Tuesday, September 19, 2017

Elasticsearch and PubMed: Step 3, Diving in the Data

In the last two blog posts, I explained how to get a local copy of all 30 million PubMed publications and how to parse this data set into an elasticsearch database. In this blog post, I will describe a small project which leverages this data set.

We will go through all publications (title and abstract) and count how many publications contain a certain term. We will do that for different terms and plot them as a function of time. This will tell us which topics are currently trending in medical science. Here is a possible output of the program described in this post:
Figure 1: Number of PubMed publications with certain topics as a function of time.
This plot shows that there was a very steep increase in the publications about Ebola research in 2014. We can also see that the research on blood cancer or leukemia has decreased in the last 25 years, while the research on prostate cancer has increased in those years.

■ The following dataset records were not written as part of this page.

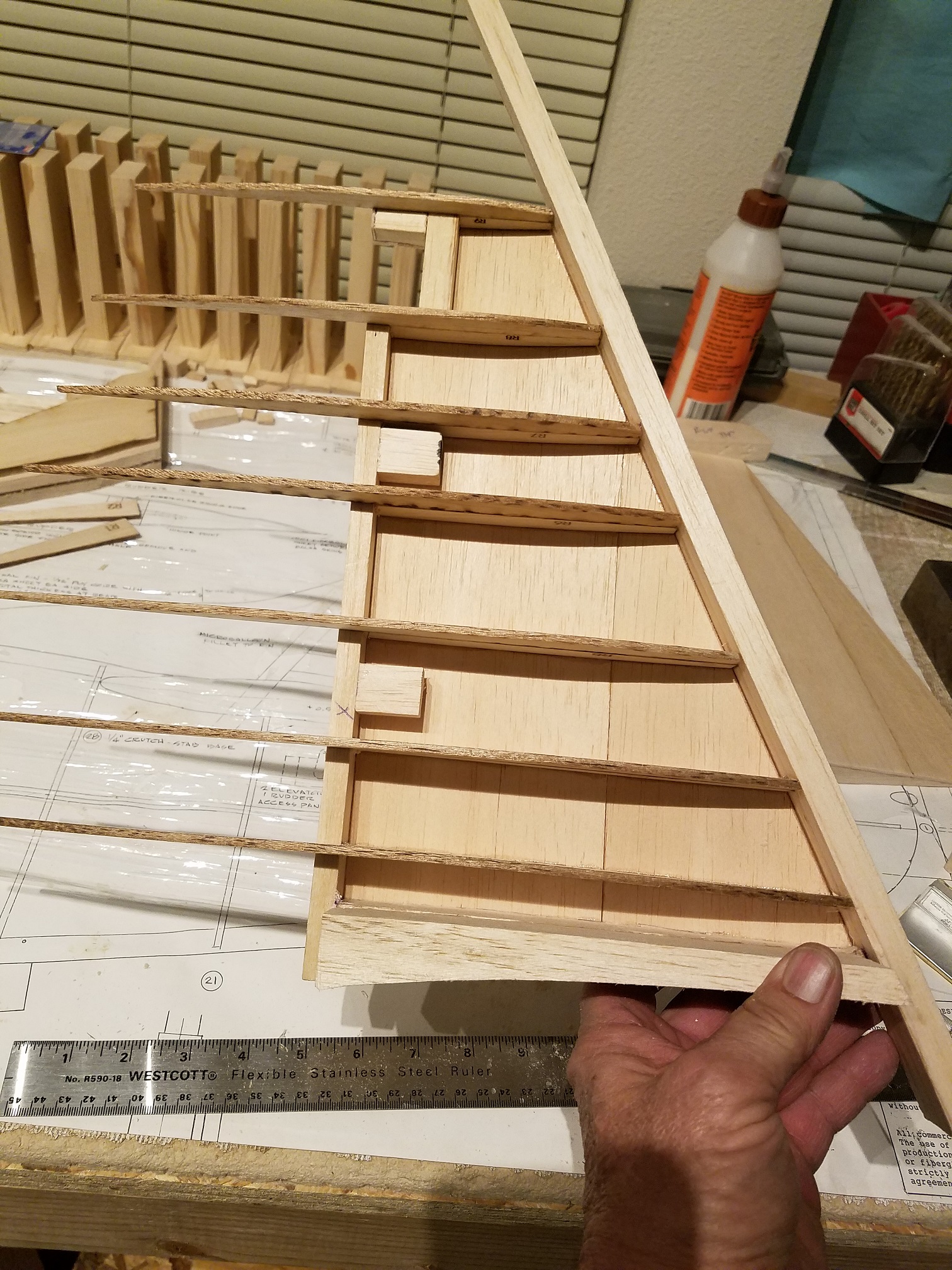 There have been a lot of things about this build I just do not understand why they were designed to be built the way they were. Namely for example, the hinge point blocks. According to the plans, a half of a hinge block is glued in to each side of the assemblies. When the other half of the two components are glued together or, for the lack of a better term...assembled on top of one another, everything is supposed to come together. I think it would have made more sense to put full blocks in place. Yes, I already know what some of you may be thinking. So, why didn't I do it that way? Simple, I am trying to go "exactly" from the plans. I know me well enough to know that when I start altering construction methods, too much weight gets inadvertently added. Suffice it to say, everything aligned up perfectly. I gave the structures a little "twist" once all the sheeting was in place. Talk about strong. I could not put any form of twist on either the fin or the rudder. I suppose if I really tried, they would both break quite easily. But that would not be normal "torsional" stress the airframe will endure under normal flight conditions.
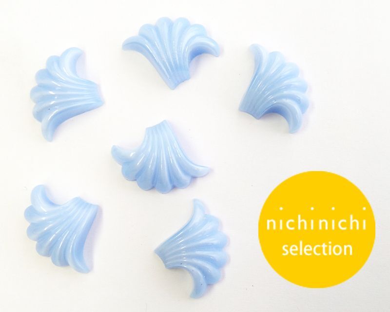 ns254/ヴィンテージ/ドイツ/ガラスカボション/フリル/シルキーライトブルー1個)
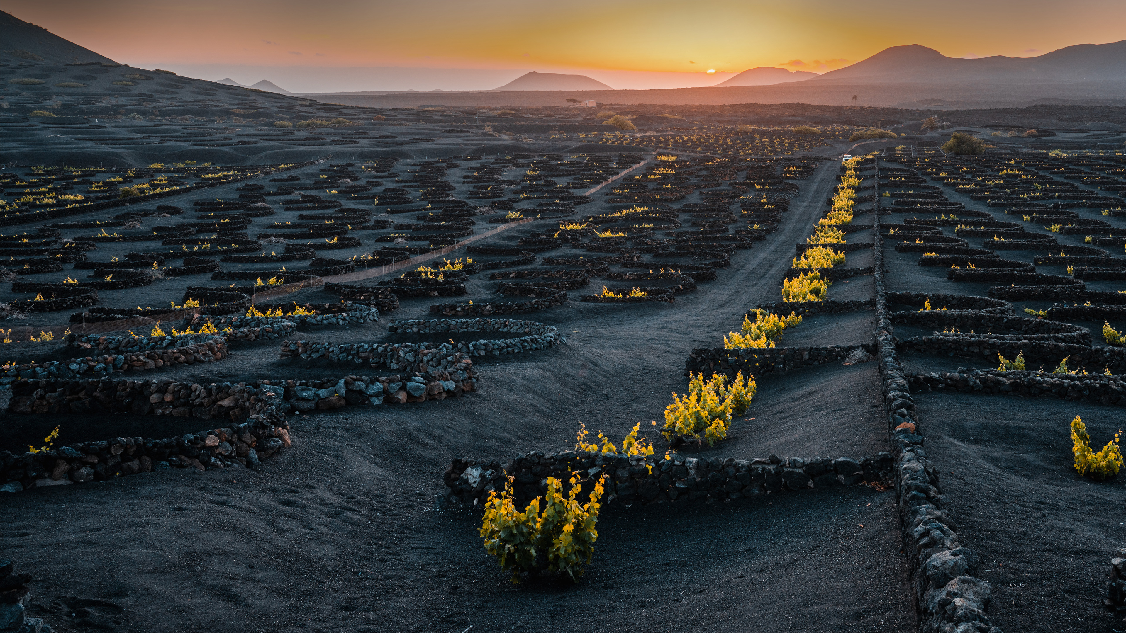 Surrounded by rugged, dark-hued landscapes, La Geria wine region stands as a viticultural marvel. Most of the island of Lanzarote has treeless terrain covered with black-grey soil. A series of volcanic eruptions in the past, as recently as the 1700s, led to the unique colouration, and by 1775, farmers started growing crops in the new layer of nutrient-rich soil. This soil absorbs water and retains moisture for a longer period, and the ash keeps the temperature of the soil favourable for the growing grapes. The rows of holes surrounded by stones you see in our image were dug to protect young plants. Today, La Geria stands as a testament to innovation, where traditional cultivation counters arid conditions. A wine connoisseur would be privileged to taste the story of this island through sips of La Geria"s fine wine, fermented from Malvasia grapes.
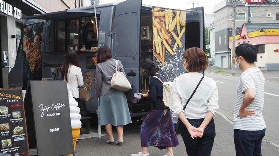 ある平日の午前中、札幌の地下鉄・麻生駅から徒歩数分のところにあるZIZI COFFEE(ジジコーヒー)の店先に、ひとり、ふたりと人が並び始めた。彼ら、彼女らのお目当ては、北海道・美唄発のスタートアップ、ASOMBROSO(アソンブロッソ)が作るフライドポテトだ。
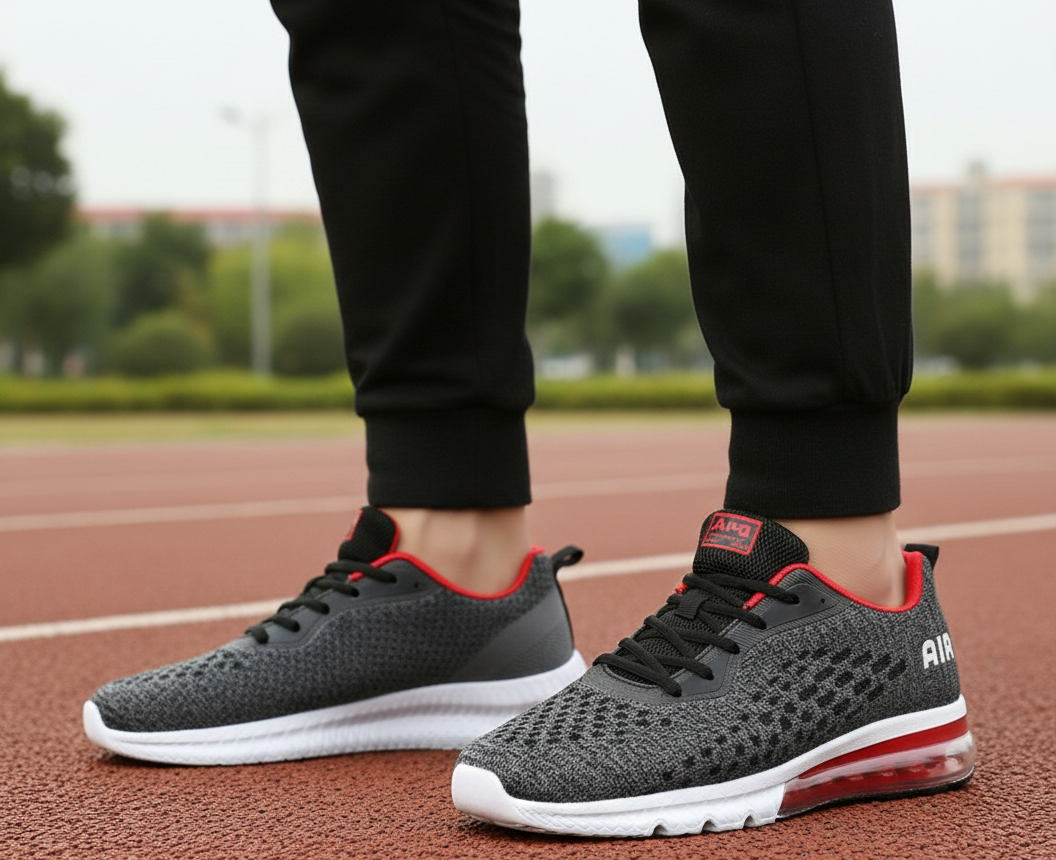 2- Shock absorbing air cushion support: The integrated air cushion works alongside the rubber sole to soften impact with every step. Pressure on the heels, ankles, and knees is reduced during walking and running. Cushioning supports a more ergonomic foot position on hard surfaces. Steps feel lighter and more controlled during movement. Comfort remains stable during longer activity sessions. This helps reduce strain and supports sustained energy throughout the day.

Elasticsearch uses a JSON based syntax, which indeed can be a bit cumbersome, but the documentation is very good.

First, we write the elasticsearch query which counts the papers. There are a couple of different queries in elasticsearch which can do that e.g. the matchterm and match_phrase queries.

The match query analyzes the search term and then compares it to the stored indices.
{
    "query": {
        "match" : {
            "title" : "Cancer"
        }
    }
}
To analyze the term elasticsearch runs the same analyzer we used to index the field. You might remember from the last blog post that we used the standard analyzer, which tokenizes the text (splits it into words) and puts everything in lower case. So the match query above will return all papers which mention the term 'Cancer' or 'cancer'. 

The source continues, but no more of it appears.